In FY25 alone, 549 independent directors resigned voluntarily from listed company boards many, according to reporting in Indian Economy and Market, reassessing their exposure in the wake of heightened SEBI scrutiny and enforcement. The mass exit speaks to a broader recognition that the position of independent director has been understated in terms of legal risk, and overstated in terms of actual board-level power a paradox that the Jindal Poly Films case crystallises with unusual clarity.

Section 245 as a Structural Corrective and Its Limits

The activation of Section 245 in this case is significant for reasons that extend beyond JPFL. As former NCLT Judicial Member Rajasekhar V.K. observed in his March 2026 analysis for IBC Laws, the provision addresses "not merely the fate of one application, but the practical utility of a remedy long dormant." The structural design of Section 245 addresses a core collective action problem in listed companies: individual minority shareholders often holding fractions of one percent have neither the financial incentive nor the procedural standing to litigate against a promoter group controlling over 74 percent of equity, as is the case with JPFL's promoters. The class action mechanism creates the possibility of aggregating those interests, and the NCLT's willingness to admit the petition on this basis coupled with the NCLAT's refusal to dismiss at threshold represents a meaningful step in operationalising that possibility.

The case also illustrates, however, how demanding the process remains. The original lead applicant, Ankit Jain, has exited the proceedings. As of May 7, 2026, 45 intervention applications have been filed by additional minority shareholders seeking to be impleaded, while M/s Monet Securities Pvt Ltd which had by April 2026 built an 11.40 percent stake in JPFL through open market purchases has been substituted as the new lead applicant. The evolution of the petitioner roster reflects both the expanding civil interest in the case and the practical costs of sustaining class litigation against a well-resourced corporate respondent over multiple years.

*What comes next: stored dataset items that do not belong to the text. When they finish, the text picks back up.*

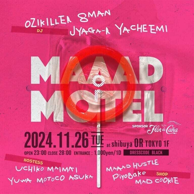 2024.11 26 NOV MAAAD ALLMIX 0 Shares Facebook Twitter google Line DATE: 2024-11-26 TUE OPEN: 23:00 VENUE: PRICE: 1,000yen/1D LINE UP: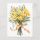 Cette belle carte de vœux présente un magnifique bouquet de fleurs de freesia jaune orné d'un ruban doré scintillant. C'est une expression vibrante et élégante de vœux sincères.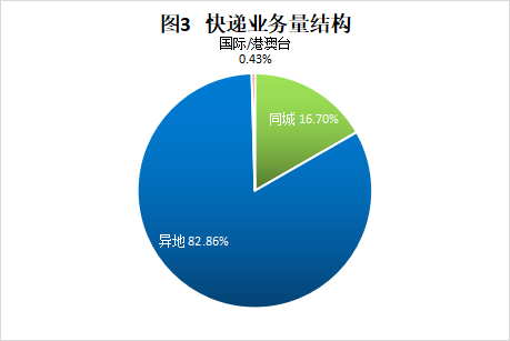 1-7月,同城、异地、国际/港澳台快递业务量分别占全部快递业务量的16.7%、82.86%和0.43%。与去年同期相比,同城快递业务量的比重上升0.23个百分点,异地快递业务量的比重下降0.29个百分点,国际/港澳台业务量的比重上升0.05个百分点。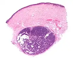 ![]() صورة مجهرية لورم الغدة العرقية بصبعة H&E صورة مجهرية لورم الغدة العرقية بصبعة H&E | |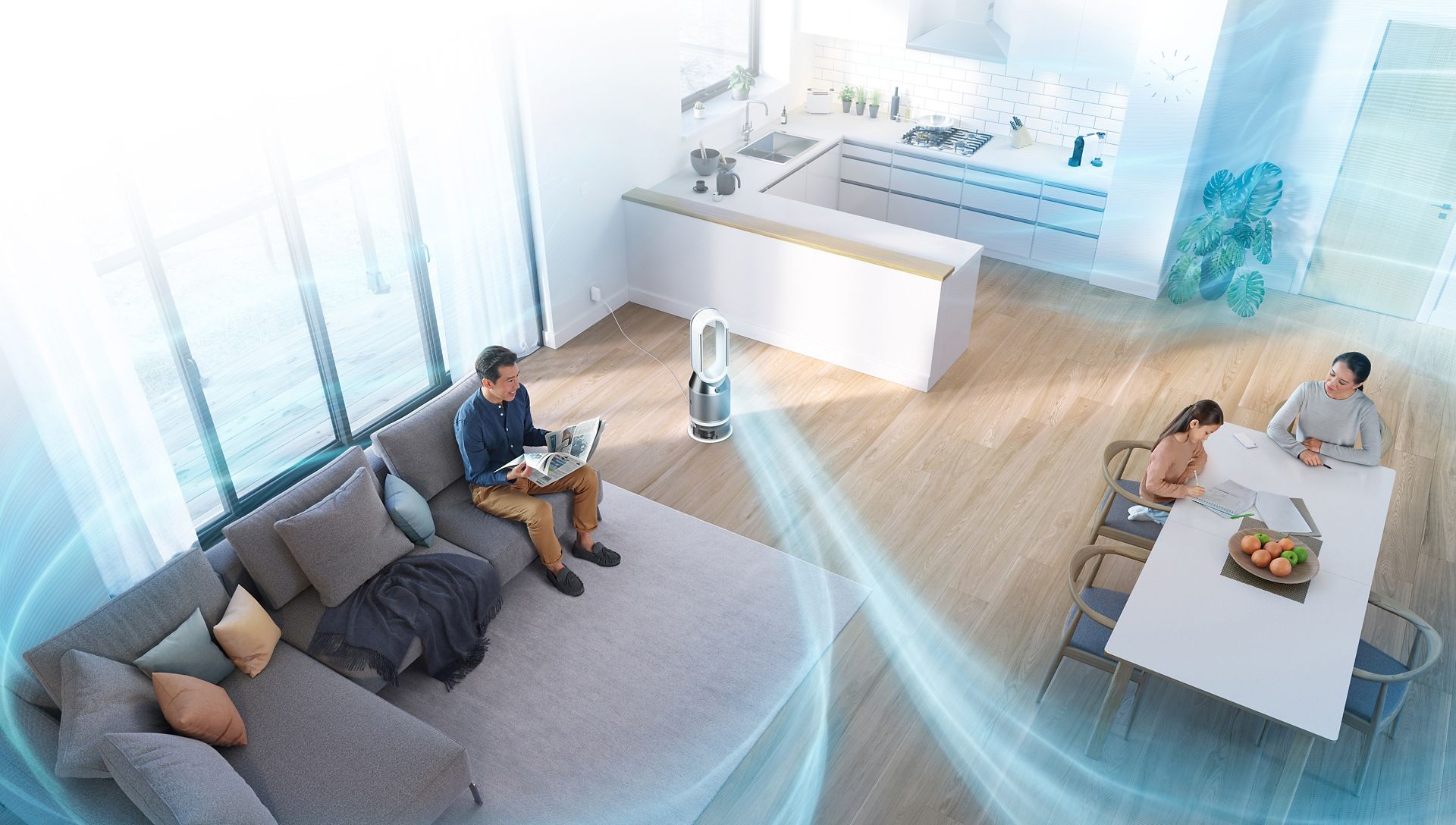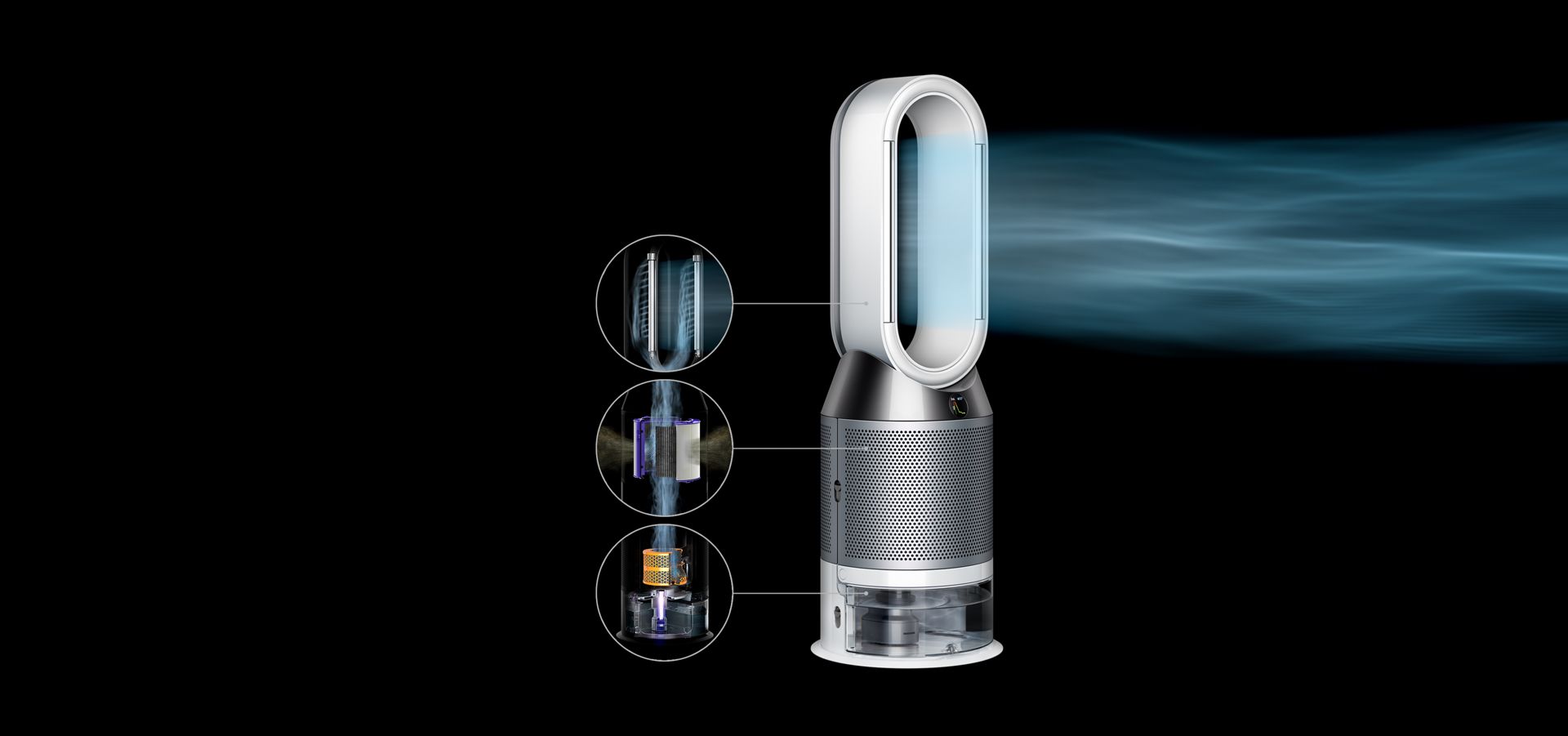 Увлажнитель-очиститель воздуха Dyson забирает воздух из комнаты. Увлажненный, очищенный поток выдувается через отверстия верхней части корпуса и идет в горизонтальном направлении. Владелец направляет и рассеивает движение воздуха, регулируя режим.

SEBI's formal intervention through its own application seeking to place its findings on securities law violations and governance irregularities on record adds a regulatory layer that was absent from the initial proceedings. As reported by Business Standard on May 1, 2026, the market regulator submitted that JPFL had filed its reply to the SEBI intervention application, with the matter now proceeding before the newly constituted Principal Bench. The combination of a class action, an ED investigation, and a SEBI show cause notice directed at the same entity, its promoters, and its key management personnel is, by Indian regulatory standards, an unusually concentrated confluence of legal and regulatory pressure.

What This Means for Corporate India

The Jindal Poly Films case does not, at this stage, establish guilt. The NCLT has explicitly clarified that admission is not a finding on merits. Jindal Poly Films' position that all decisions were taken with commercial prudence and necessary approvals remains on record and will be tested. What the case has already done, irrespective of its eventual outcome, is structurally consequential: it has demonstrated that Section 245 is justiciable, that shareholder thresholds are workable, and that past and completed transactions are not beyond the tribunal's remedial jurisdiction a point the NCLT made expressly in rejecting JPFL's preliminary objections. It has established that SEBI can intervene as a party in class action proceedings to support its findings alongside private litigation, creating a new mode of regulatory reinforcement. And it has put every audit committee member, independent director, and statutory auditor of a listed Indian company on notice: the institutional label of oversight is no longer sufficient protection against accountability.

The question that will linger long after this case is resolved on whatever terms is the one that India's corporate governance framework has never satisfactorily answered: what does it mean to be independent on a board where you are nominated, where the promoter controls over 74 percent of the vote, and where the asymmetry of information between the board room and the public shareholder is vast and structural? The Jindal Poly Films case has made that question legally, not merely theoretically, urgent.